Since Trigeminal Neuralgia is a neurological condition and not a dental issue, treatment of the condition didn’t fall under Dr. Freeman’s purview. Despite this, he was the only health care provider to follow-up with Christine after seeing her MRI, informing her of what the MRI results showed, sharing with her the reported diagnosis, facilitating her referral to a neurologist specializing in TN, and checking in to make sure her care was progressing. Receiving a diagnosis was a huge step for Christine, who had continued to feel dismissed. Learning her pain was part of a diagnosed condition was, in many ways, a huge relief. When Mike, Christine’s husband, began reading about the condition, he cried. He finally was beginning to understand the amount of pain his wife was in, something she had tried to minimize since the accident.

When Dr. Freeman learned that the specialists had not reached out to Christine following her MRI, he immediately sent a joint referral with her family doctor to one of Canada’s top neurosurgeons, Dr. M. Hodaie, the Director of the Gamma Knife Clinic at Toronto Western Hospital. Christine was quickly seen and underwent surgery to address the nerve issue.

Today, Christine is living pain-free. While she still suffers from some discomfort in her jaw related to the accident, it is nothing compared to the acute, blackout-inducing pain of trigeminal neuralgia. It was a long journey to get here, but Dr. Freeman was with her every step of the way, championing her care, regularly following up with the medical experts involved and checking-in with Christine and her husband to ensure she was getting what she needed. Dr. Freeman’s compassionate, holistic approach to patient care allowed Christine to feel like a whole person, not just a walking diagnosis.
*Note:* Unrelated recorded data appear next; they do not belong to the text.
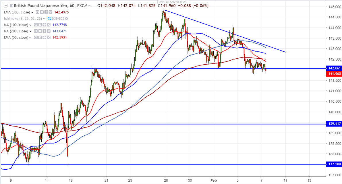 Intraday trend is still weak as long as resistance 142.56-60 (300- H EMA) holds. Any break below 141.80 will drag the pair down till 141.17/140.30. Any break below 140 confirms further bearishness.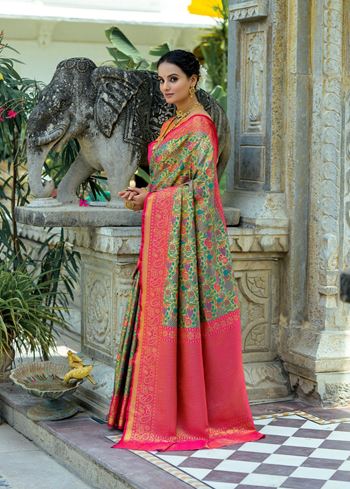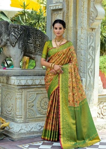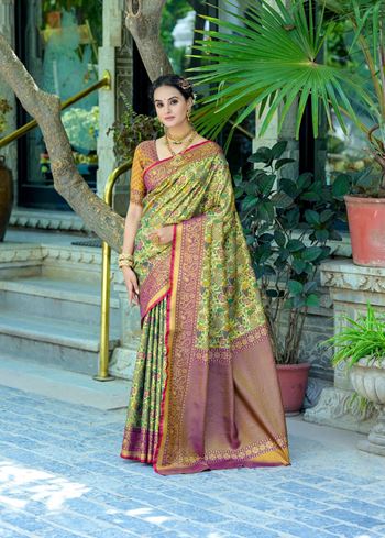 Intricate zari work delicately adorns the saree, creating a radiant interplay of patterns and textures. The pallu is a masterpiece in itself—lavishly woven with gold-toned zari motifs that echo the legacy of timeless South Indian weaving. The accompanying mahendi green blouse, fashioned in matching Kanjivaram silk, enhances the overall harmony and depth of the ensemble.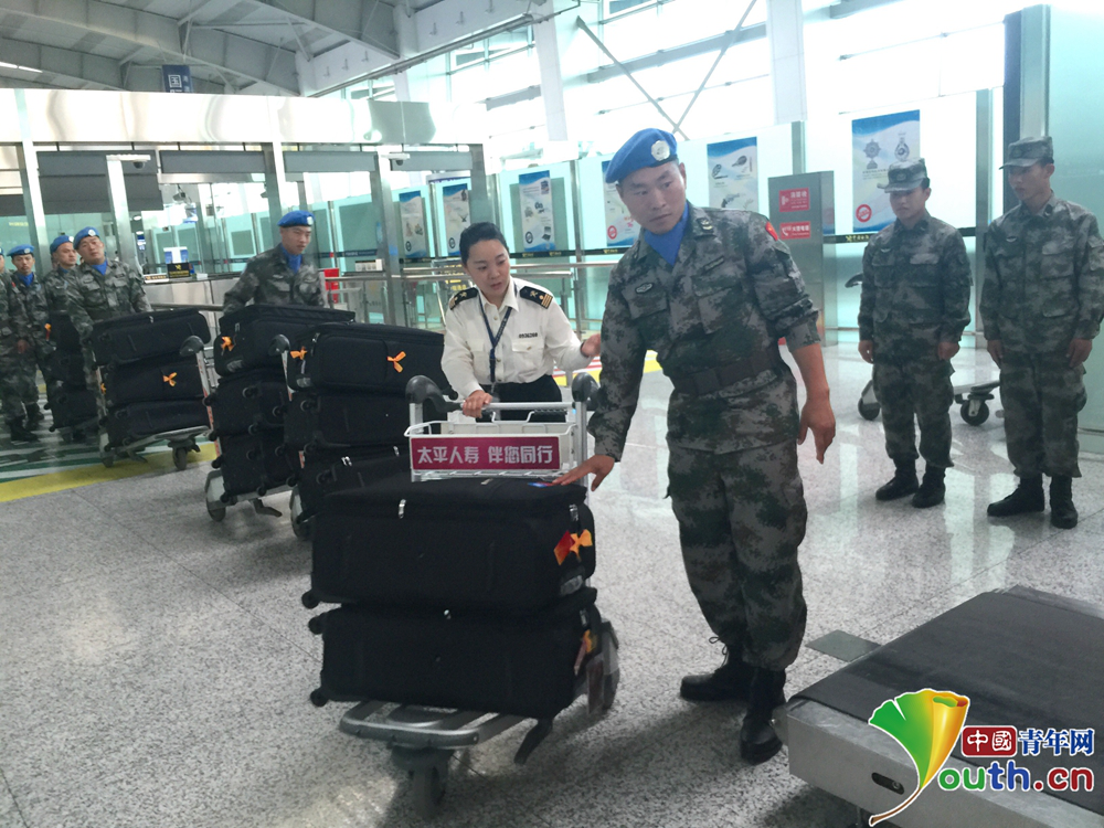 曲媛正在帮助中国维和部队官兵出境通关。大连机场海关旅检科供图

“His personality and the way he approaches patient care made it comfortable. Dr. Freeman created the environment, and then he asked the right questions. Without that approach nothing that needed to happen would have happened. If I had ended up in anyone else’s office it wouldn’t have been the same outcome,” says Christine.

Christine’s advice for anyone who finds themselves in pain and without answers is to advocate for themselves tenaciously, and to find a healthcare provider who will champion their care above all else.